Get the input/output tensor attributes from the engine.

Before (TensorRT 8.x)

int32_t nb = engine->getNbIOTensors();
char const* inputName = engine->getIOTensorName(inputIndex);
char const* outputName = engine->getIOTensorName(outputIndex);
Dims inputDims = engine->getTensorShape(inputName);
Dims outputDims = engine->getTensorShape(outputName);
DataType inputType = engine->getTensorDataType(inputName);
DataType outputType = engine->getTensorDataType(outputName);

To calculate the tensor volume, you might also need getTensorVectorizedDim, getTensorBytesPerComponent, and getTensorComponentsPerElement.

After (TensorRT 10.x)

int64_t nb;
ErrorCode code = graph->getNbIOTensors(nb);
char const* inputName;
code = graph->getIOTensorName(inputName, inputIndex);
char const* outputName;
code = graph->getIOTensorName(outputName, outputIndex);
TensorDescriptor inputDescriptor;
code = graph->getIOTensorDescriptor(inputDescriptor, inputName);
TensorDescriptor outputDescriptor;
code = graph->getIOTensorDescriptor(outputDescriptor, outputName);

In TensorRT 10.x, the TensorDescriptor convenience class contains all the information needed to construct an IOTensor outside of TensorRT and pass its address back to TensorRT.

struct TensorDescriptor
{
    //! Name of the IO Tensor.
    AsciiChar const* tensorName{nullptr};
    //! Static shape of the IO Tensor.
    //! \note The static shape will depend on the IO Profile selected.
    PhysicalDims shape{-1, {}};
    //! Stride vector for each element of the IO Tensor.
    PhysicalDims stride{-1, {}};
    //! DataType enum for the IO Tensor.
    //! \warning The actual type of the tensor data must correspond to this DataType.
    DataType dataType{DataType::kFLOAT};
    //! The size of the tensor data type in bytes (4 for float and int32, 2 for half, 1 for int8)
    uint64_t bytesPerComponent{0U};
    //! The vector length (in scalars) for a vectorized tensor, 1 if the tensor is not vectorized.
    uint64_t componentsPerVector{1U};
    //! The dimension index along which the tensor is vectorized, -1 if the tensor is not vectorized.
    int64_t vectorizedDim{-1};
    //! Total size in bytes for the IO Tensor.
    uint64_t sizeInBytes{0U};
    //! Enum to denote whether the Tensor is for input or output.
    TensorIOMode ioMode{TensorIOMode::kNONE};
    //! Enum to denote whether the Tensor memory is allocated on the GPU, CPU, or CPU_PINNED.
    MemoryPlacement memPlacement{MemoryPlacement::kNONE};
    //! The order in which the dimensions are laid out in memory.
    PhysicalDims strideOrder{-1, {}};
    //! The original user-specified shape of the tensor, provided as a reference if the tensor is
    //! vectorized.
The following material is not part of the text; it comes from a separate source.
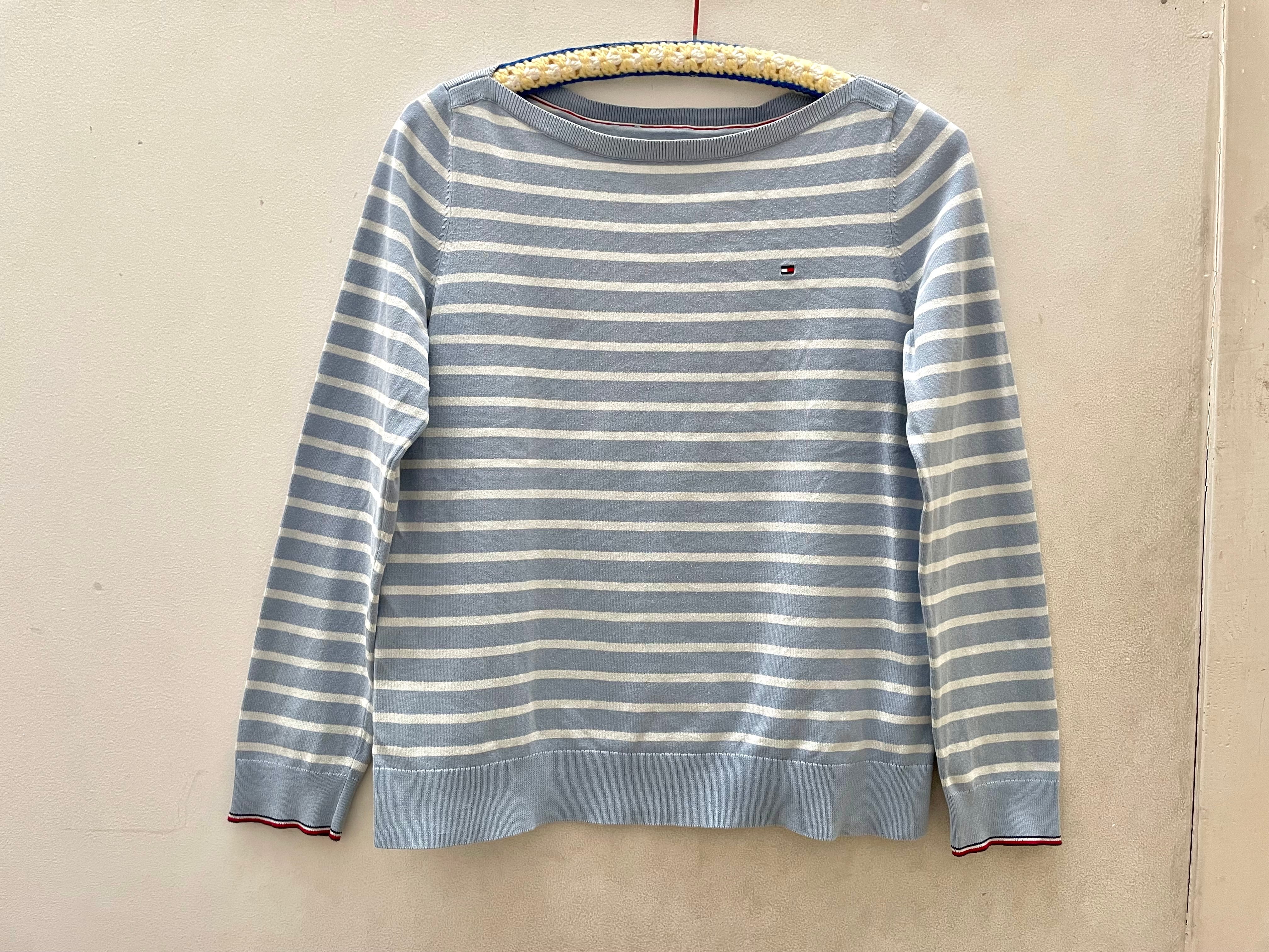 爽やかな水色ベースに細めのボーダーが入った、TOMMY HILFIGERの長袖トップス。

When a tensor is vectorized by size T along some dimension with size K, the
    //! vectorized dimension is split into two dimensions of sizes ceil(K/T) and T.
    Dims userShape{-1, {}};
};

The sizeInBytes field directly provides the memory required for the tensor.
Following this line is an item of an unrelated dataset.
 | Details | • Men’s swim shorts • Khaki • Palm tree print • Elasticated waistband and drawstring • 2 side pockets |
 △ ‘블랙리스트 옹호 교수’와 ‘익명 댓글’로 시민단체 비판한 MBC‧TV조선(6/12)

The descriptor captures all properties needed to query, allocate, read, and write IO tensors. The physical tensor shape and layout chosen by the compiler can differ from the original user-specified shape due to padding or tiling for vectorized layouts. For example, a user-specified shape [1,10,3,4] with a TensorFormat of NHWC8 tiles by 8 elements along the C dimension, producing the following descriptor fields:

User-specified properties (NHWC8):

userShape: [1,10,3,4] (in NCHW order)
componentsPerVector: 8
vectorizedDim: 1 (C dimension)

Compiler-determined layout:

shape: [1,2,8,3,4] (C dimension split into two dimensions)
stride: [192,8,1,64,16]
strideOrder: [4,1,0,3,2] (tiled C dimensions change fastest)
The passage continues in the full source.